What the current account measures
The current account reflects the country’s net transactions with the rest of the world. It includes:
- Trade balance: exports minus imports of goods and services
- Primary income: investment earnings received from abroad minus payments to foreign investors
- Secondary income: transfers such as foreign aid and workers’ remittances
Together, these components show whether the nation is a net earner or spender in its dealings with non-residents.
What drove the Q4 turnaround
The swing to surplus primarily reflected a substantial widening of the trade balance in the final quarter of 2025, to R282.2 billion from R169 billion. The value of merchandise and net gold exports rose, while merchandise imports declined.

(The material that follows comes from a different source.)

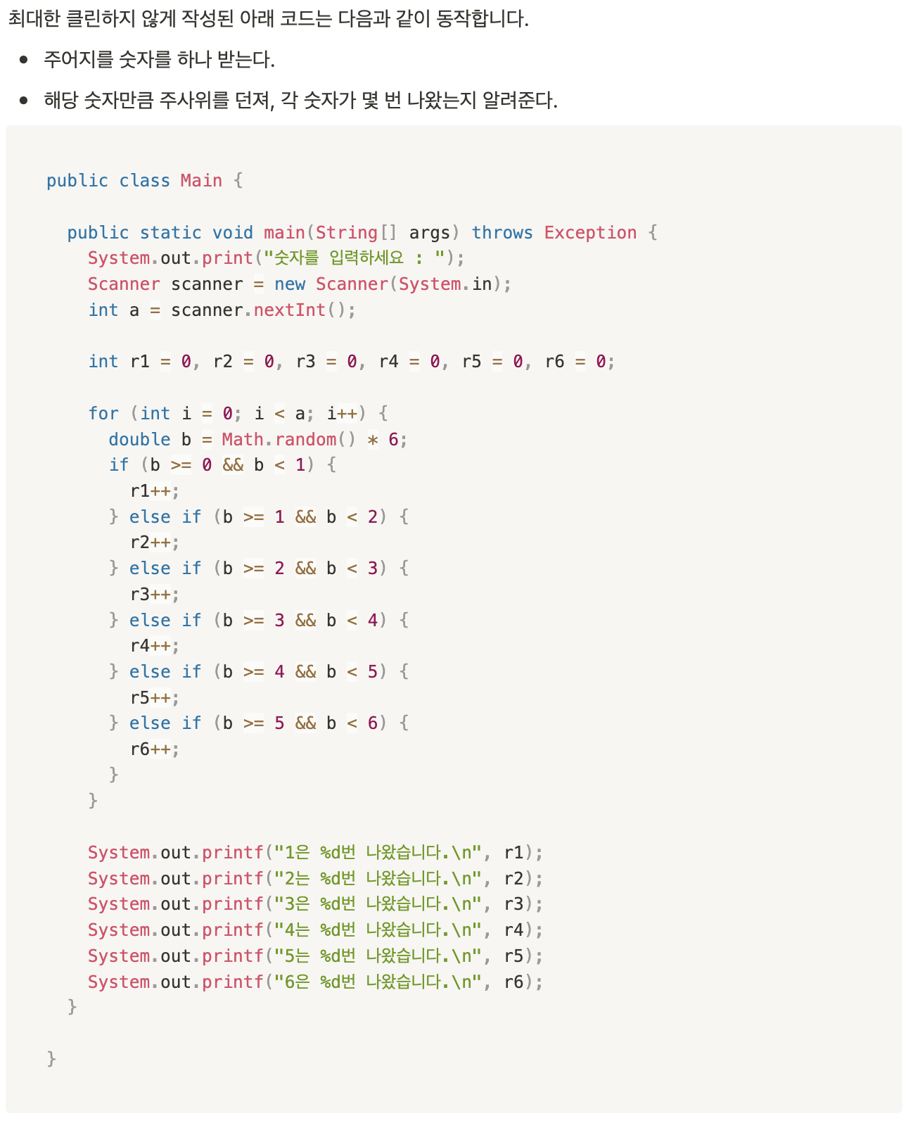 - math.random() 대신에 random.nextInt()로 난수로 정수를 생성해 더 주사위다운 코드로 만들기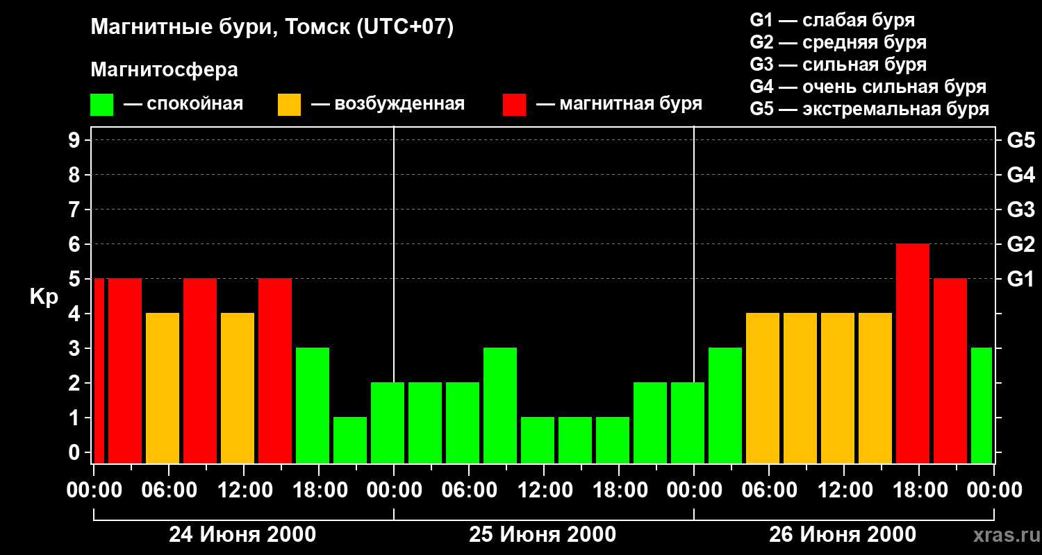 Изменения геомагнитного индекса Kp с 24 по 26 июня 2000 года для средних широт

Export values for goods and services increased by R51.1 billion, largely due to higher export prices. At the same time, the value of imports of goods and services fell by R54.4 billion, reflecting lower import prices.
Services, income and transfers: narrower deficit
The combined deficit on services, income, and current transfers narrowed to R232.1 billion in the fourth quarter from R241 billion in the third. This improvement stemmed from a smaller shortfall on the primary income account, even as deficits on the services and current transfer accounts widened. As a share of GDP, the combined deficit edged down to 3.0% from 3.1%.
Full-year 2025 snapshot
For 2025 as a whole, South Africa’s trade surplus eased slightly to R212.1 billion, or 2.8% of GDP, compared with R214.3 billion (2.9% of GDP) in 2024.
Improved terms of trade
South Africa’s terms of trade strengthened in the fourth quarter, as the rand price of exported goods and services rose while the rand price of imports declined. This price dynamic supported the expansion of the trade balance and, in turn, the overall current account position.
Context and outlook
In recent years, South Africa’s current account has generally been in a modest but steady deficit, underpinned by commodity exports yet weighed down by income payments to foreign investors and ongoing import demand. The fourth-quarter surplus marks a notable, albeit potentially temporary, improvement.

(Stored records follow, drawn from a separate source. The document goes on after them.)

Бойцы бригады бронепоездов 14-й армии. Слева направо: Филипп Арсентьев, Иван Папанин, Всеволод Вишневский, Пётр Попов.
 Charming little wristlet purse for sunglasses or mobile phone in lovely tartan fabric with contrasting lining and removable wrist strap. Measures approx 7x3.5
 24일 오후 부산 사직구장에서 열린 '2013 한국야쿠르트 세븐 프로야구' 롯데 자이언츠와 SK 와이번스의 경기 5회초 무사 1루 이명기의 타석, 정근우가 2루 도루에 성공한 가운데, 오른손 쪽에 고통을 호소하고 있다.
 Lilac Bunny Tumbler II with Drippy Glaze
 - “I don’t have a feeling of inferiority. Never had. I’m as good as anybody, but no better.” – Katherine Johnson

Looking ahead, elevated global oil prices pose a risk to sustaining the surplus. Crude prices have pushed above $100 per barrel amid heightened geopolitical tensions and disruptions to tanker routes in the Gulf. Higher oil and refined product prices tend to compress South Africa’s trade surplus and worsen its terms of trade, given the country’s dependence on imported fuel.
“The trading landscape has changed notably. While commodity prices remain mostly elevated, the spike in the international oil price and related refined products will erode the trade surplus and also have a negative impact on South Africa’s terms of trade, that will filter through as a negative for the value of the rand exchange rate,” said independent economist Elize Kruger.

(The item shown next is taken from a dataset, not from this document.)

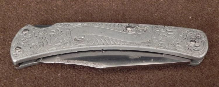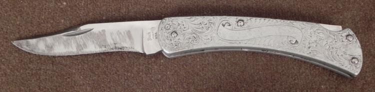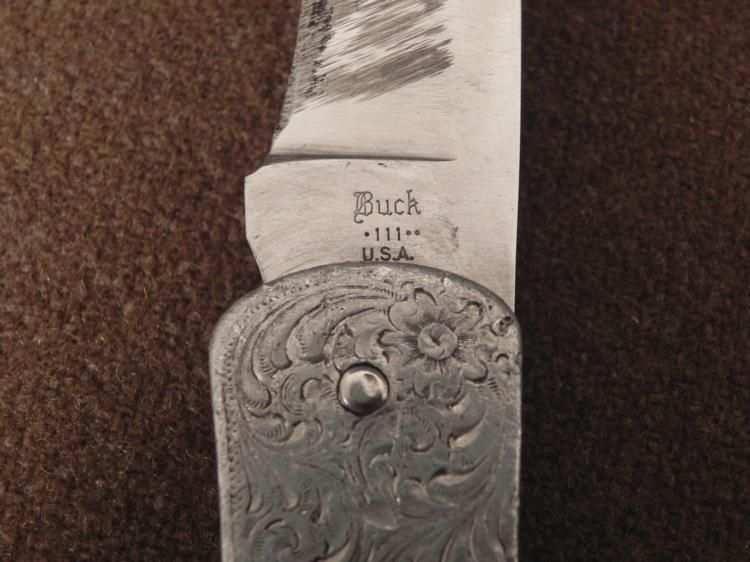 VINTAGE "BUCK" ENGRAVED HANDLE FOLDING KNIFE MODEL 111-FILEGREE & NAME PANEL * * 8 1/2" WHEN OPENED-BLADE SHOWS SHARPENING-HANDLE HAS GREAT LOOKING METALWORK-PUSH BACK CLOSURE *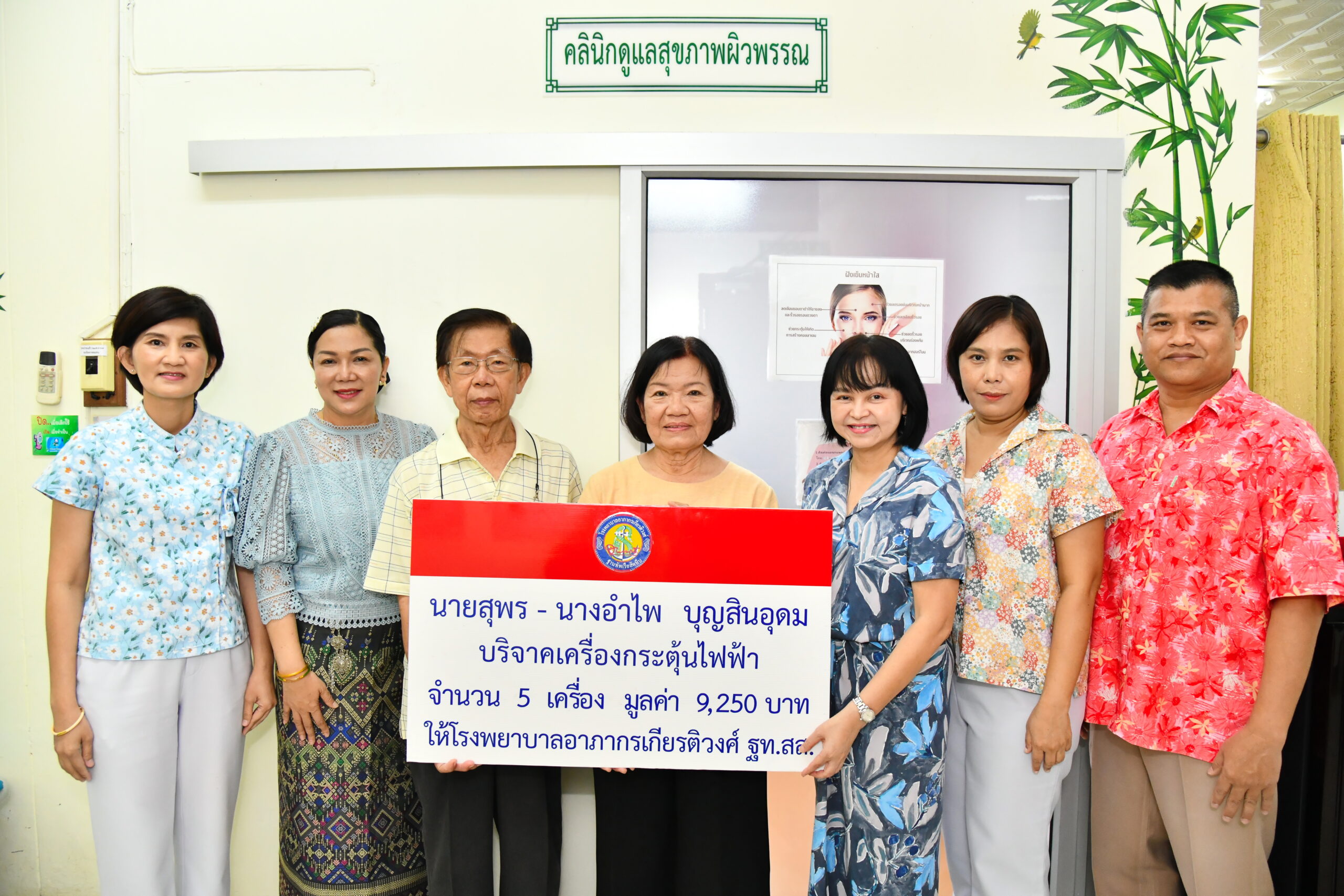 เมื่อ ๙ เม.ย.๖๘ นายสุพร – นางอำไพ บุญสินอุดม มอบเครื่องกระตุ้นไฟฟ้า จำนวน ๕ เครื่อง มูลค่า ๙,๒๕๐ บาท เพื่อมอบให้แก่แผนกแพทย์แผนจีน รพ.ฯ โดยมี น.อ.หญิง บุญรักษา งามศิลป์ หน.กองการแพทย์ทางเลือก รพ.อาภากรเกียรติวงศ์ ฐท.สส. เป็นผู้รับมอบ ณ แผนกแพทย์แผนจีน รพ.อาภากรเกียรติวงศ์ ฐท.สส. ข่าวผู้บังคับบัญชา 9 เมษายน 2568

Kruger added: “The overall scenario for the South African economy has taken a negative turn due to the impact of higher fuel prices that will hit us at pumps on 1 April, it will lead to notably higher inflation, no more cuts in interest rates, maybe even a hike or two, and household and industrial sector budgets under increasing pressure.”
Bottom line
The fourth-quarter current account surplus reflects stronger export prices and softer import prices, which lifted the trade balance and narrowed deficits elsewhere. However, sustained gains will depend on the trajectory of global energy prices and broader external conditions, which could quickly shift the balance back toward deficit.